One of largest landmarks in Bowden Hill is the Bowden Park estate with its country house of 1796, designed by James Wyatt for Barnard Dickinson. The Dickinson family had owned plantations in Jamaica since 1655, and were among Wiltshire's biggest users of slave labour. The property had a previous building, built for George Johnson who lived there in the 1600s. The estate was sold in 1751 to Ezekiel Dickinson who modified the house; it was later owned by the Dickinson Harmer family.

The house was bought in 1849 and extended by Captain John Gladstone, older brother of Prime Minister William Gladstone. In the 20th century it was the seat of the former chairman of the General Electric Company, Arnold Weinstock. The house was remodelled in the mid 1950s, and the extensions were made smaller by owner K. Peacock who sold Bowden Park in 1967 to Lord Weinstock.
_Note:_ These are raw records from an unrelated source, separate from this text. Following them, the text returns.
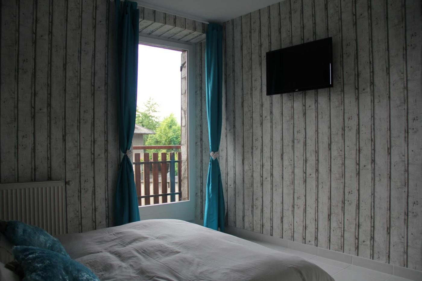 Chambre Double - Vue sur Montagne. The double room offers soundproof walls, parquet floors, a balcony with garden views as well as a private bathroom featuring a shower. The unit offers 1 bed. ;
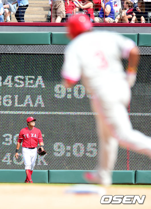 6회초 2사에서 텍사스 추신수가 필라델피아 버드의 좌월 솔로포에 아쉬워하고 있다 ./ jpnews@osen.co.kr
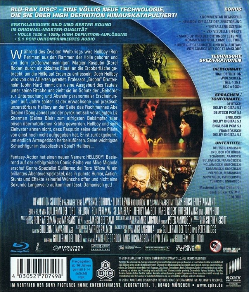 Extras:Interaktive Menüs, Kapitelanwahl, DVD Intro von Ron Perlman, Videokommentar Besetzung, Produktions-Workshop (Make-up & Belichtungstests, VFX Visuelle Effekte), Comic-Con 2002 mit Guillermo del Toro, Ron Perlman und Mike Mignola (23 Minuten), Über die Geschichte und den Aufbau von Comics mit Scott McCloud, Galerie mit mehreren hundert Abbildungen (Standbilder, Mike Mignola - Zeichnungen, Notizbuch Regisseur - Auszüge, Hellboy-Galerie mit Zeichnungen verschiedener Comic-Künstler).
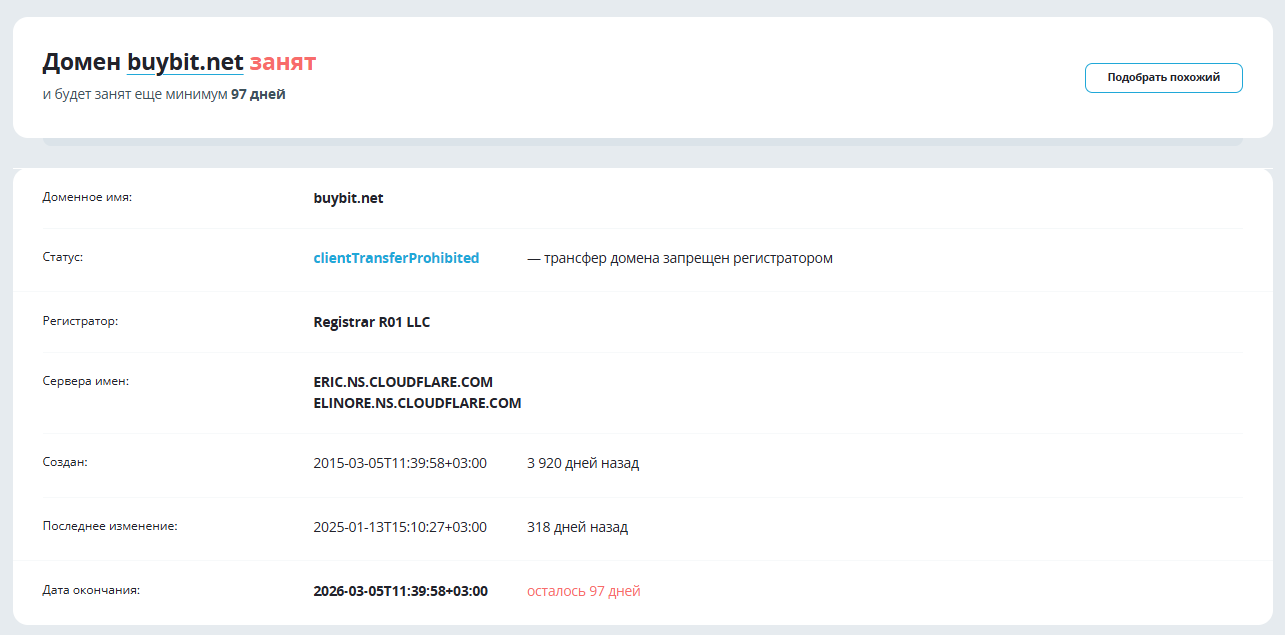 Главный адрес получен в 2015 году, а сайт buybit su работает с 2019 года – информации об их владельцах не представлено. Если проверить порталы через архив, то будут обнаружены совпадения, так как сервис действительно существует около 10 лет.
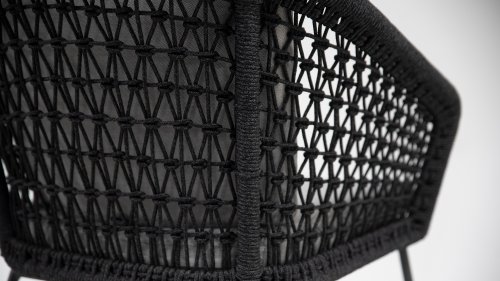 De 4 Seasons Mila tuinset heeft een moderne maar toch rustieke uitstraling met een natural touch die zo kenmerkend is voor het Design. De schoonheid zit hem in de details. Het frame van de 4 Seasons Mila diningstoel loopt strak en vloeiend in elkaar over en is afgewerkt met het strak omvlochten Rope. Rug en zitting zijn gevlochten met dit sterke Rope en geeft een stevige maar comfortabele zit. Het frame vormt een speels en minimalistisch samenspel van vloeiende lijnen die samenkomen en weer uit elkaar gaan. De zijkanten en achterkant is met kunstig kruislings gevlochten Rope afgewerkt waardoor een speels geknoopt ruitenpatroon ontstaat... Kortom een lust voor het oog!
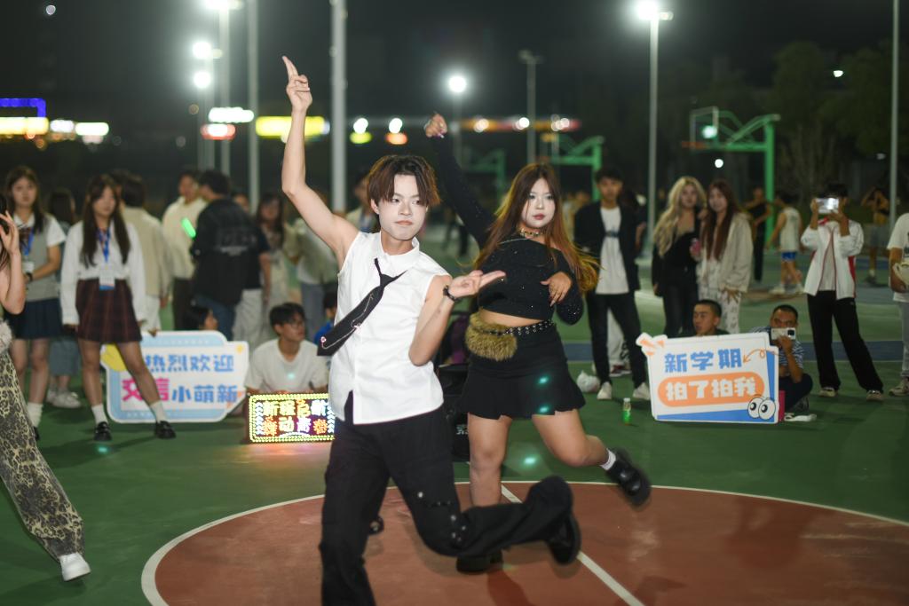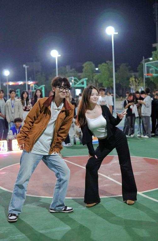 快闪的余温尚未消散,自由开放的“随舞”环节接踵而至。随着一首首流行金曲接连奏响,现场氛围被彻底点燃。同学们纷纷抛开羞涩,响应音乐的召唤,勇敢地步入场地中央。无论是酷炫的街舞、动感的韩舞,还是随性洒脱的自由发挥,每位参与者都成为了舞台的主角,他们以身体的律动表达自我,以舞步传递情感。这种“人人皆可舞”的模式极大地激发了同学们的参与热情。
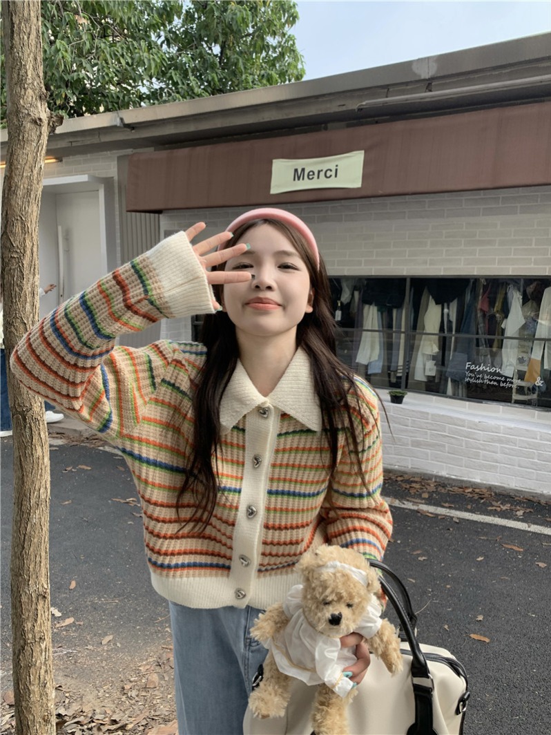 FA56263# 秋季韩版温柔风小香风圆领气质毛衣开衫外套女 服裝批發女裝批發服飾貨源
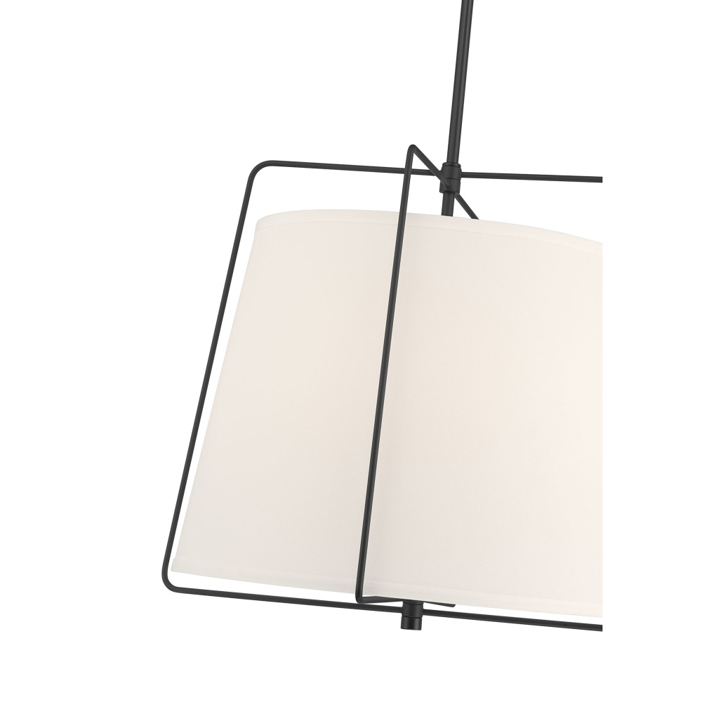 The Vellinor Collection of pendants features a stylish exterior metal framework surrounding a crisp white linen shade for a modernistic take on mid-century lighting design. Available as a 1 or 3-light pendant and finished in either classic matte black or vintage brass, these fixtures are as sophisticated as they are casual making them the perfect choice from foyer to kitchen.
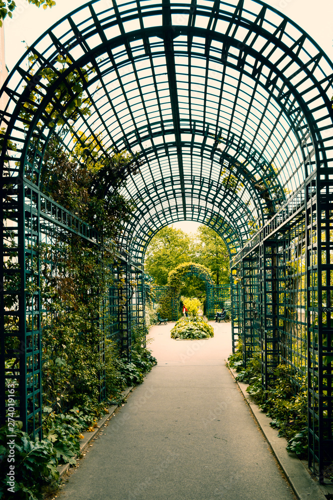 Paris, France - Coulee Verte Rene-Dumont - April 2019: Old green elevated promenade in Paris, France. Footpath from Bastille to the Bois De Vincennes
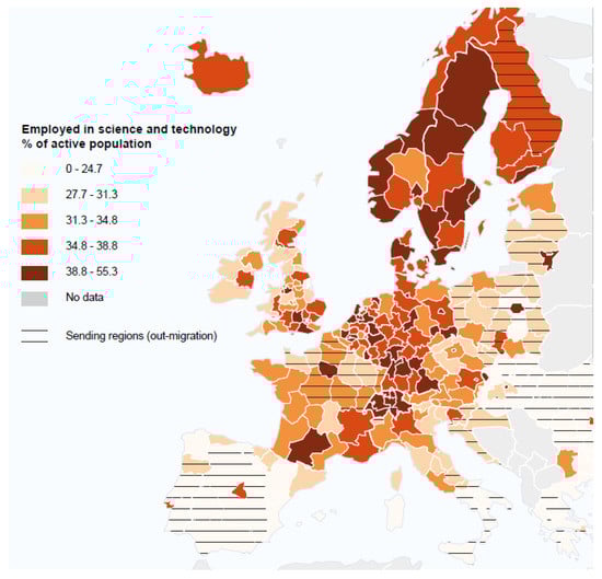 From Figure 3 (Source: ESPON Policy Brief, p. 11. []), it can be observed that net emigration characterizes the relatively underdeveloped regions, while immigration and high employment rates in the knowledge economy are observable in Scandinavia, Western Europe, Northern Italy and Southern England, and most importantly, all capital cities function as domestic hubs. The last point can be foremost exemplified by Romania, Hungary, North-Western France, Lithuania and Bulgaria.
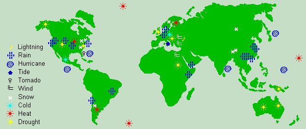 The Weather Watch extreme weather map at the end of 1997 looked like this:.
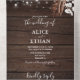 Boho rustic wedding invitation features neutral flowers, dried palm leaves and string lights on a wood background.
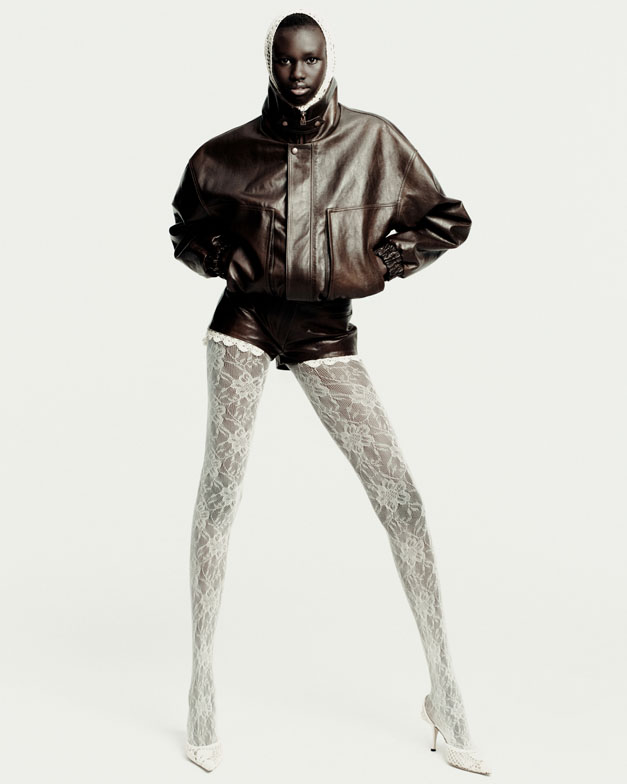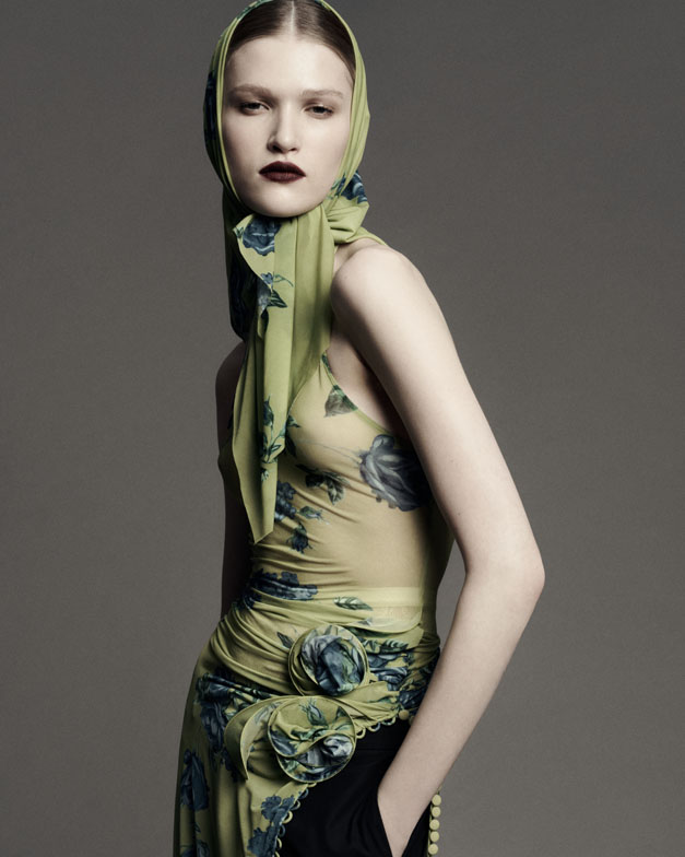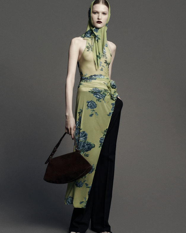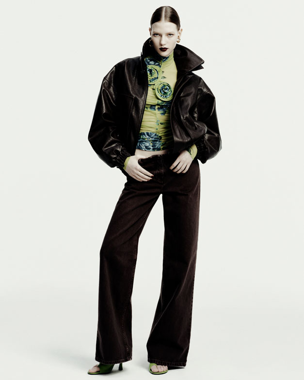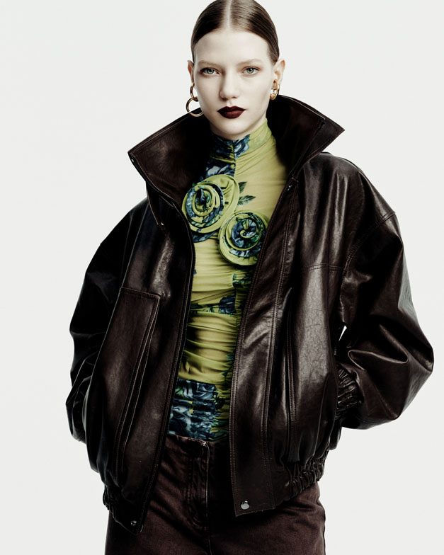 The collection’s fearless essence was inspired by the documented style of grunge icons such as PJ Harvey’s breezy vintage shifts, Courtney Love’s stage slip-dresses, Juliette Lewis’ broken-glamour, and Polish rock icon Kora’s unorthodox fashion. Real women inspire Magda Butrym, and the designer aimed to convey authentic attitude—not only through the spontaneous layering of a masculine black leather vest over a delicate sage-green floral chiffon dress but also in the models’ dynamic, lively poses choreographed by Pat Bogusławski in the lookbook.
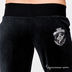 Мягкий домашний костюм из черного велюра декорирован оригинальными деталями. Отделка карманов и рукавов, логотип -нашивка на куртке и брюках выполнены из нити серебристого цвета. Капюшон украшен велюровым шнурком черного цвета с наконечником-колокольчиком.
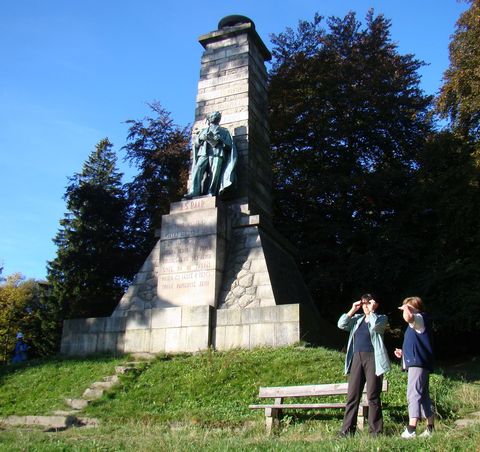 Po ČTZ jsme se prudkým svahem vyšplhali na vrch Hrádek (585 m), kde byl v roce 1895 při příležitosti 200. výročí Kozinovy smrti postaven již zmíněný pomník (socha je vysoká 3,2 m).
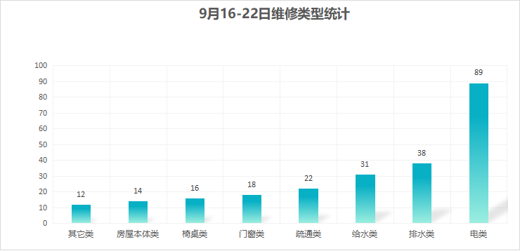 对学校公共设施进行日常巡查、维护,对师生报修问题及时维修、抢修,确保公共设施设备正常使用。本周共接单236单,其中电类89单,给水类31单,门窗类18单,排水类38单,疏通类22单,房屋本体类14单,桌椅类16单,其他类12单,完成240单。
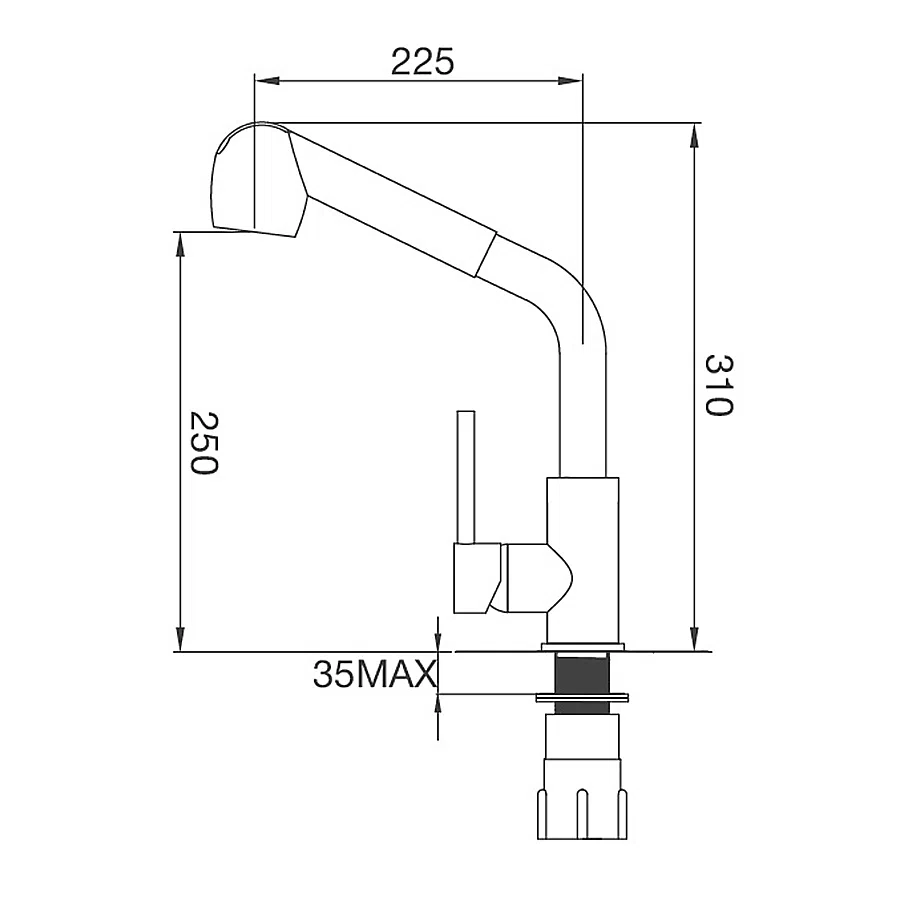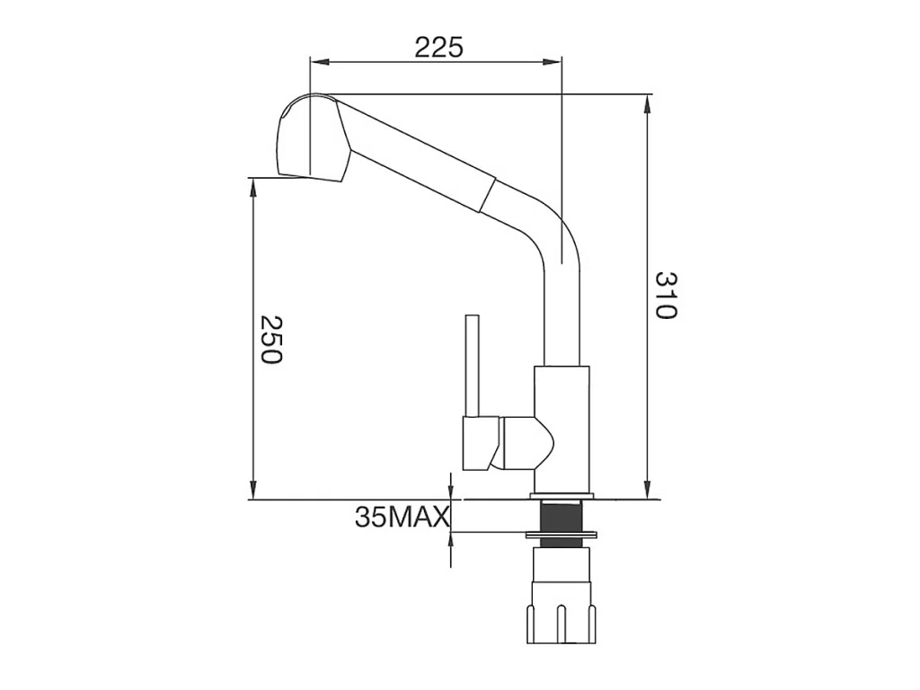 - Vòi rửa chén có dây rút, điều chỉnh tia nước
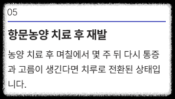 - 항문농양 치료 후 증상 재발: 항문농양으로 치료받았음에도 불구하고 며칠에서 몇 주 뒤에 다시 통증이 생기고 고름이 분비된다면, 거의 확실하게 치루로 전환된 상태라고 볼 수 있습니다.
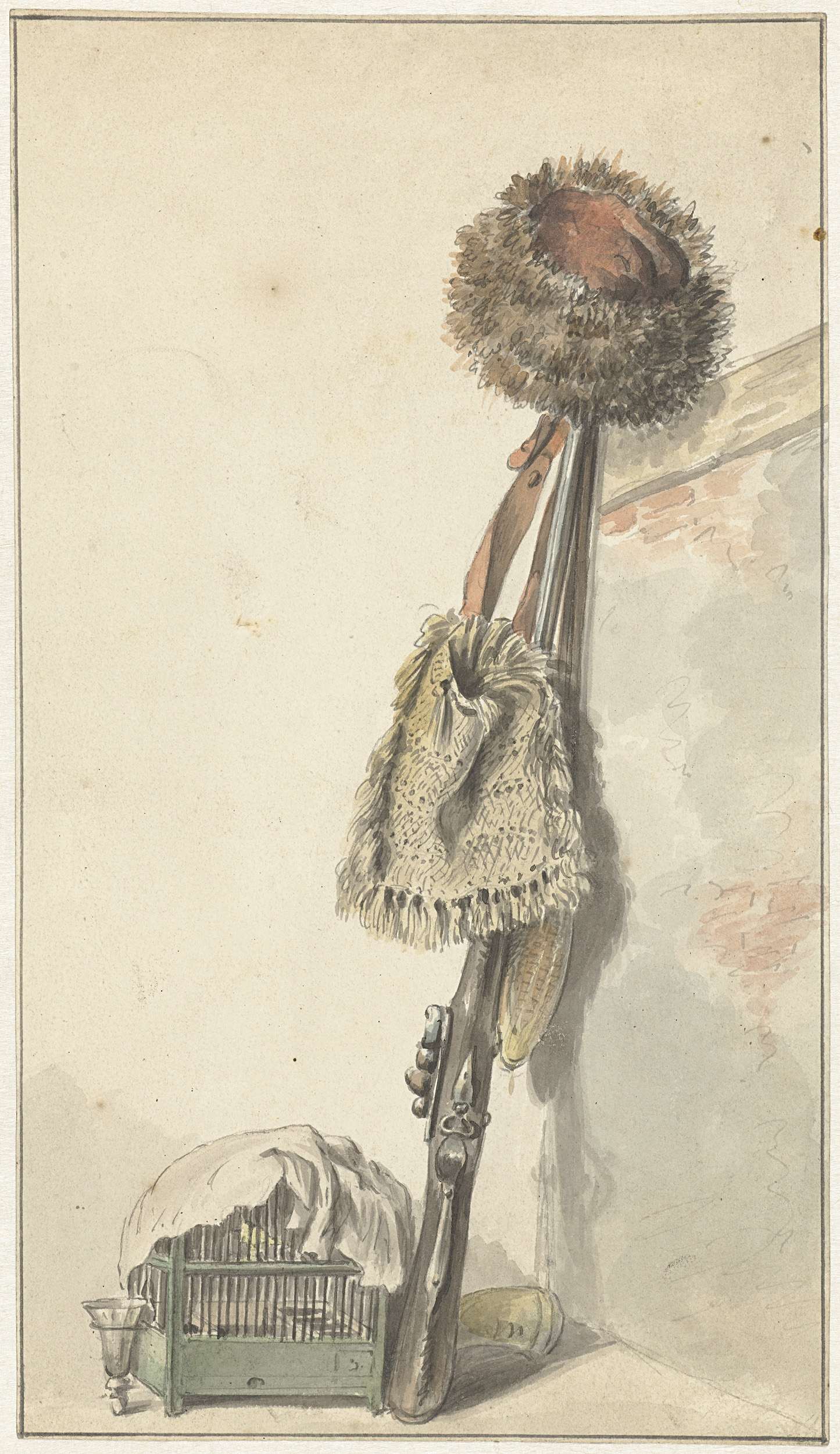 Jachtstilleven met vogelkooi

A 2020 report summarizes the building as: "Built on two storeys of ashlar under a slate roof, the grand 15,900sq ft house is Classically symmetrical in style, with a central bow front, where the original front door was placed, and finely detailed wings to either side".

Bowden Park was designated as Grade I listed in 1960.

===Spye Park===
Spye Park lies on the edge of Bowden Hill to the southeast of the village. Although most of Spye Park is in Bromham parish, the gatelodge at its northwest entrance (originally a 16th-century building) stands on the edge of Bowden Hill village.